* [WORK TASK] For the listing that follows, give again exactly the lines from the one with "йодат калия. |" to the one with "The off-shoulder mini", including both.

* [SOURCE DATA]
- - -
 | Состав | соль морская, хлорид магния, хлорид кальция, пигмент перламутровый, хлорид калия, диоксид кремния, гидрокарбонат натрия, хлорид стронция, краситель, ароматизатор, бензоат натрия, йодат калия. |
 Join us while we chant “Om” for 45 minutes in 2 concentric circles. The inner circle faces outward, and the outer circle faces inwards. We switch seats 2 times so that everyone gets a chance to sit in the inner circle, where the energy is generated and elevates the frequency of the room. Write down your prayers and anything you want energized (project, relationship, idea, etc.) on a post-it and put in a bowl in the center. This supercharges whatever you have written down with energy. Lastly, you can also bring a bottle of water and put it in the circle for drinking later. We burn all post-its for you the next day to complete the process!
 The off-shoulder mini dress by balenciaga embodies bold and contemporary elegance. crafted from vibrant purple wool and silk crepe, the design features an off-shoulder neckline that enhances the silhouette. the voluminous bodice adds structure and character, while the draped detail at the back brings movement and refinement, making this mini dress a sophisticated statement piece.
- - -
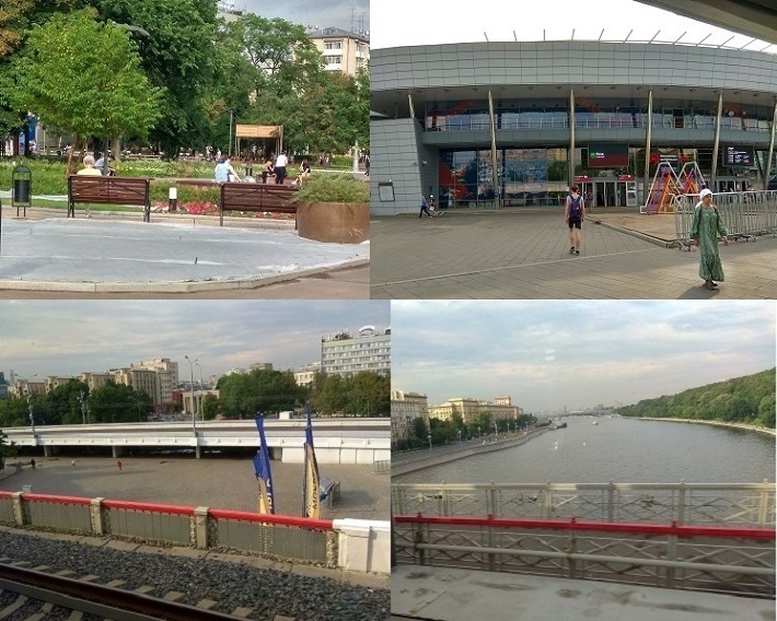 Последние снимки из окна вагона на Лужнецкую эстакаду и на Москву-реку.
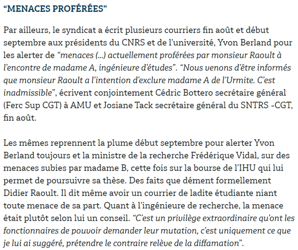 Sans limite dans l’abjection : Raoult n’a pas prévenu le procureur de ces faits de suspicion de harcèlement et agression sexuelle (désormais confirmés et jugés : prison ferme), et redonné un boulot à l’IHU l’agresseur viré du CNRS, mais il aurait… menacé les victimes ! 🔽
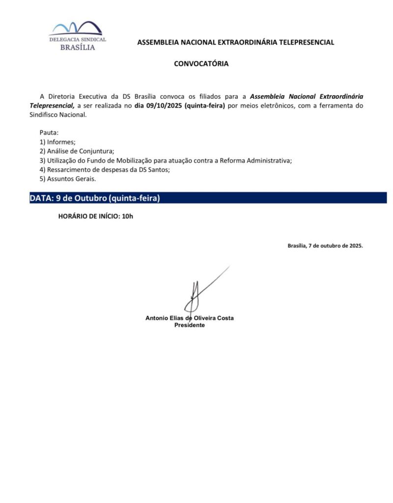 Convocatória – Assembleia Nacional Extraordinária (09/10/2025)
- - -
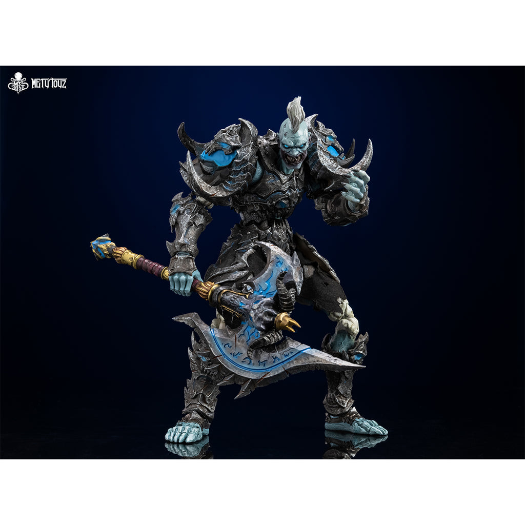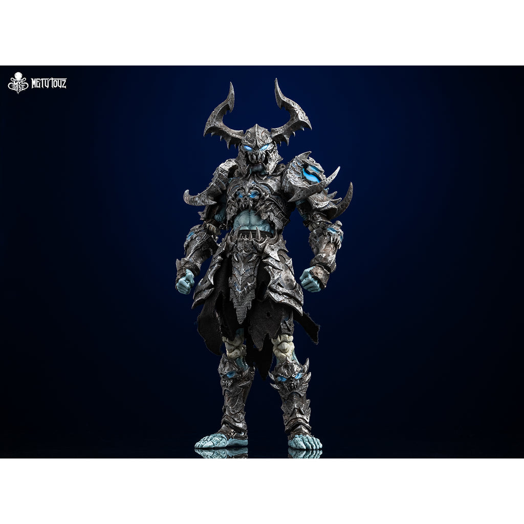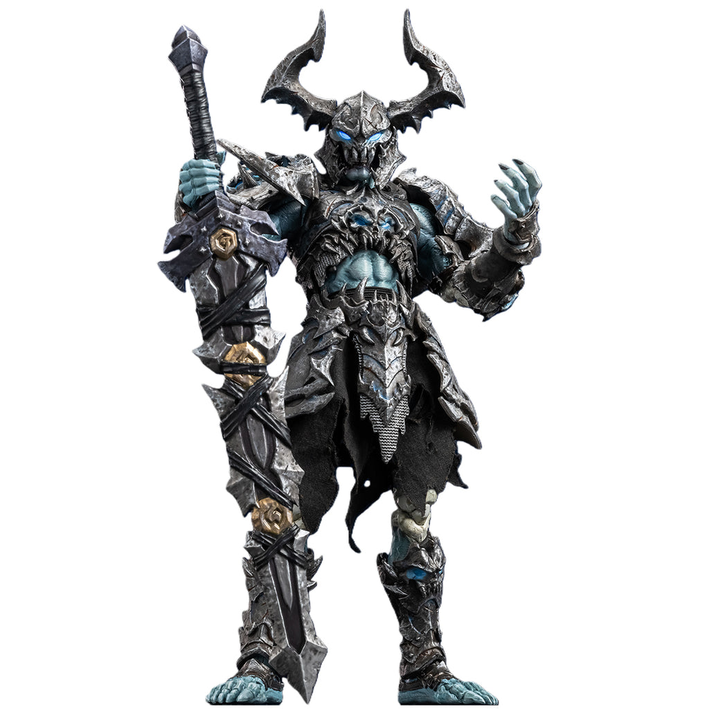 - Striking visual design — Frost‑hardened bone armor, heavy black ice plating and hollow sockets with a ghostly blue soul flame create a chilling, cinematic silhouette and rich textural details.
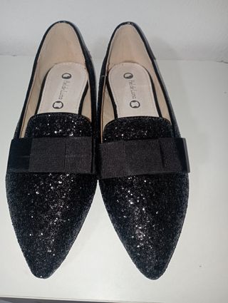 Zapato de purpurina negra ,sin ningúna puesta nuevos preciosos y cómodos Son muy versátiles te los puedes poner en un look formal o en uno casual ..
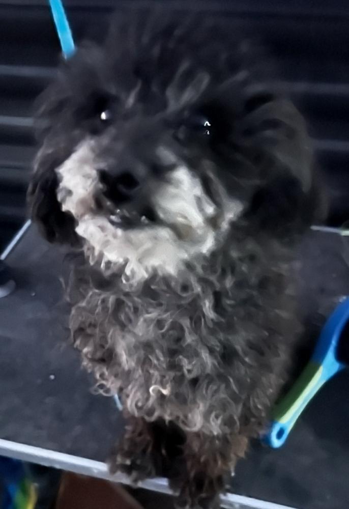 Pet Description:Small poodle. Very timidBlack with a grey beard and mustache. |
- - -
* [WRITTEN RESPONSE]
 | Состав | соль морская, хлорид магния, хлорид кальция, пигмент перламутровый, хлорид калия, диоксид кремния, гидрокарбонат натрия, хлорид стронция, краситель, ароматизатор, бензоат натрия, йодат калия. |
 Join us while we chant “Om” for 45 minutes in 2 concentric circles. The inner circle faces outward, and the outer circle faces inwards. We switch seats 2 times so that everyone gets a chance to sit in the inner circle, where the energy is generated and elevates the frequency of the room. Write down your prayers and anything you want energized (project, relationship, idea, etc.) on a post-it and put in a bowl in the center. This supercharges whatever you have written down with energy. Lastly, you can also bring a bottle of water and put it in the circle for drinking later. We burn all post-its for you the next day to complete the process!
 The off-shoulder mini dress by balenciaga embodies bold and contemporary elegance. crafted from vibrant purple wool and silk crepe, the design features an off-shoulder neckline that enhances the silhouette. the voluminous bodice adds structure and character, while the draped detail at the back brings movement and refinement, making this mini dress a sophisticated statement piece.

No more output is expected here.